Snyder described the city’s $18 billion in debt and unfunded liabilities as “unsustainable,” saying that 38 cents of every dollar of city income is going toward debt repayment, legacy costs, and other obligations.
The slow march leading to this decision started in March when Snyder named Kevyn Orr, a restructuring specialist and University of Michigan graduate who represented Chrysler during its 2009 bankruptcy, as the Motor City’s emergency financial manager. Snyder said he received Mr. Orr’s recommendation to file for Chapter 9 bankruptcy on Tuesday.

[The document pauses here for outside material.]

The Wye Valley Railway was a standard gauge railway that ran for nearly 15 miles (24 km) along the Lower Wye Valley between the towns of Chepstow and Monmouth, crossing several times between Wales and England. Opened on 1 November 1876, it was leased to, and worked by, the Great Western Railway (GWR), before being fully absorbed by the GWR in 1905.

Over the last few months, Orr negotiated with Detroit’s creditors to try and reduce the city’s debt, $5.7 billion of which is related to health-care costs for retirees. To date, he was only able to win commitments from two parties, Bank of America Corp. and UBS AG. Both banks agreed to accept 75 cents on the dollar, according to a report in the Detroit News.
While Snyder says he expects the restructuring to take place in a year, bankruptcy experts say it will take much longer due to the unprecedented and complex nature of the case.

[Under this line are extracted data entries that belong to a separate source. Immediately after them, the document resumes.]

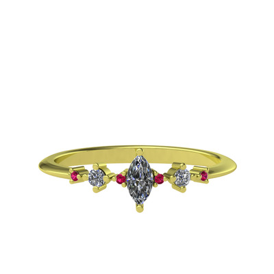 Beyaz zirkon ve rodolit garnet 925 ayar altın kaplama gümüş yüzük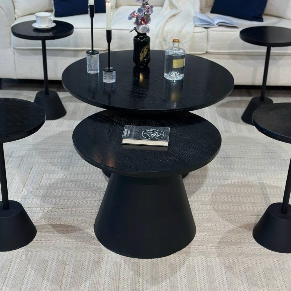 طقم طاولات ضيافة خشب أسود مع 4 خدمة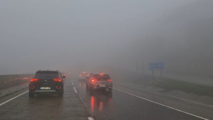 Sis nedeniyle Belen-İskenderun kara yolunda görüş mesafesi 10 metreye kadar düştü, sürücüler yolda dikkatli ilerledi.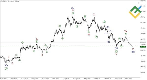 На H4-графике ETH/USD формируется крупный восходящий зигзаг (A)-(B)-(C). Импульсная волна (A) уже завершена, и в данный момент рынок корректируется в рамках волны (B), которая развивается как тройной зигзаг W-X-Y-XX-Z.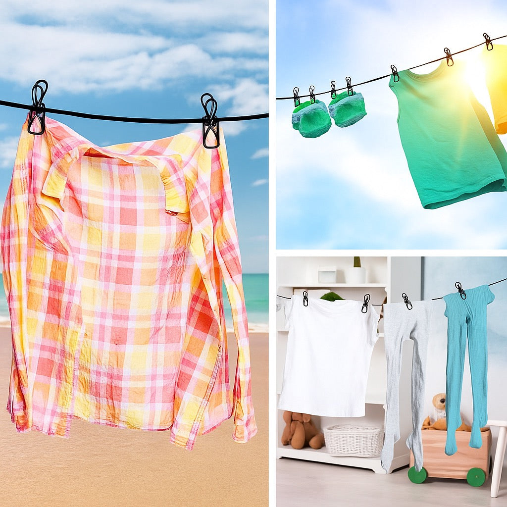 Bilo da ste kod kuće, na putovanju ili u prirodi, Flexiclip žica za veš sa štipaljkama je savršeno rešenje za brzo i efikasno sušenje odeće. Lagana, fleksibilna i otporna na vremenske uslove – uvek spremna za upotrebu, gde god da se nalazite.

“Chapter 9 broadly defines municipalities, but you have very few instances where you have had a true city file, which makes proceeding under this chapter somewhat unpredictable. There’s not much in the way of case law that gives guidance. So [the state] must not jump in blindly,” Mr. Bernstein says.
The Chapter 9 filing sets the stage for a legal showdown between the state and the 43 public sector unions operating in the city that say their pensions are protected under the state constitution, even though a federal bankruptcy judge has the authority to slash those benefits and invalidate union contracts.